O que chama atenção na renovada notoriedade de Teresa Cristina é sua absoluta inadequação aos manuais da correção política de 2020. Vilãs de novela, vale frisar, são personagens fascinantes e muito populares justamente por que têm a função de movimentar a novela com sua amoralidade desgovernada. Elas têm licença para falar e fazer as maiores atrocidades – até porque existe a certeza de que serão punidas no final. O caso supremo desse tipo de personalidade torta é Nazaré, a megera de Senhora do Destino (aliás, do mesmo Aguinaldo Silva). A personagem de Renata Sorrah desferia xingamentos preconceituosos contra os filhos de sua rival nordestina e até encarava sessões de sexo grupal sado-masô. Mesmo assim, não era rejeitada pelo espectador – muito pelo contrário.
Teresa Cristina filia-se, com brio, a essa estirpe de tipos femininos amorais – não à toa, ela e Nazaré são campeãs de memes e figurinhas. Mas é curioso que uma personagem de um passado tão recente – 2011, afinal, foi ontem mesmo – seja agora apreciada quase como relíquia de um tempo que passou na TV. É possível que o último vilão tão incorreto das novelas das 9 tenha sido Félix, o espalhafatoso personagem de Mateus Solano em Amor à Vida, escrita por Walcyr Carrasco em 2013.
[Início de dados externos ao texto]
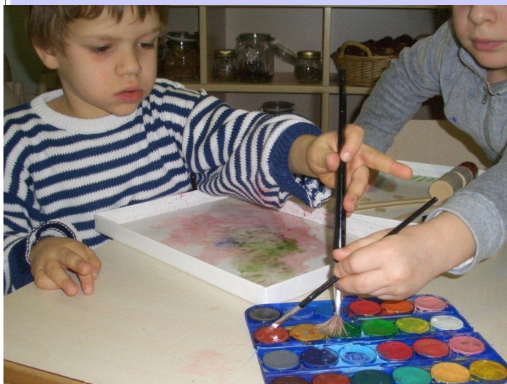
"Artisti insieme"

E' pertanto necessario prenotare la propria partecipazione con l'invito a comunicare tempestivamente l'eventuale impossibilità a partecipare, per dar modo ad altri di essere presenti.

Numa novela atual, a incorreção de Teresa Cristina mexeria com muitas suscetibilidades – pense no rebu que ela causaria em uma novela “muito humana” como a recém-interrompida Amor de Mãe, com toda pregação sobre racismo, direitos da mulher e problemas sociais da trama de Manuela Dias. A perua de Christiane Torloni já chamou seu fiel escudeiro e mordomo Crô (Marcelo Serrado) de “bicha”, “viado”, “afeminado”, entre outros termos que jamais seriam aceitos nos dias de hoje pelos grupos LGBT. A empregada da ricaça, Marilda (Kátia Moraes), coitada, já foi classificada de “imprestável”, “múmia”, além de ser maltratada diversas vezes. Sem contar os inúmeros insultos contra Griselda (Lilia Cabral), a Pereirão, que é chamada regularmente de “mulher de bigode”, “mulher macho”, “fedida” e “pobre”.
Teresa Cristina ainda faz sucesso com o público, mas é difícil mensurar quanto dessa tolerância se deve ao conforto de saber que se está rindo de uma vilã “à moda antiga”. Para os autores e a Globo, certamente seria uma dor de cabeça apostar numa personagem assim nas circunstâncias de hoje. “A patrulha ia cair em cima, possivelmente teríamos muitos protestos de ONGs, associações etc. e etc.”, diz um executivo da emissora. É verdade que a recente Amor de Mãe só esboçou uma decolagem quando a personagem de Adriana Esteves começou a se converter numa megera à la Carminha – mas isso só foi possível porque era uma vilã “com causa”, que enfrentou frustrações com a maternidade.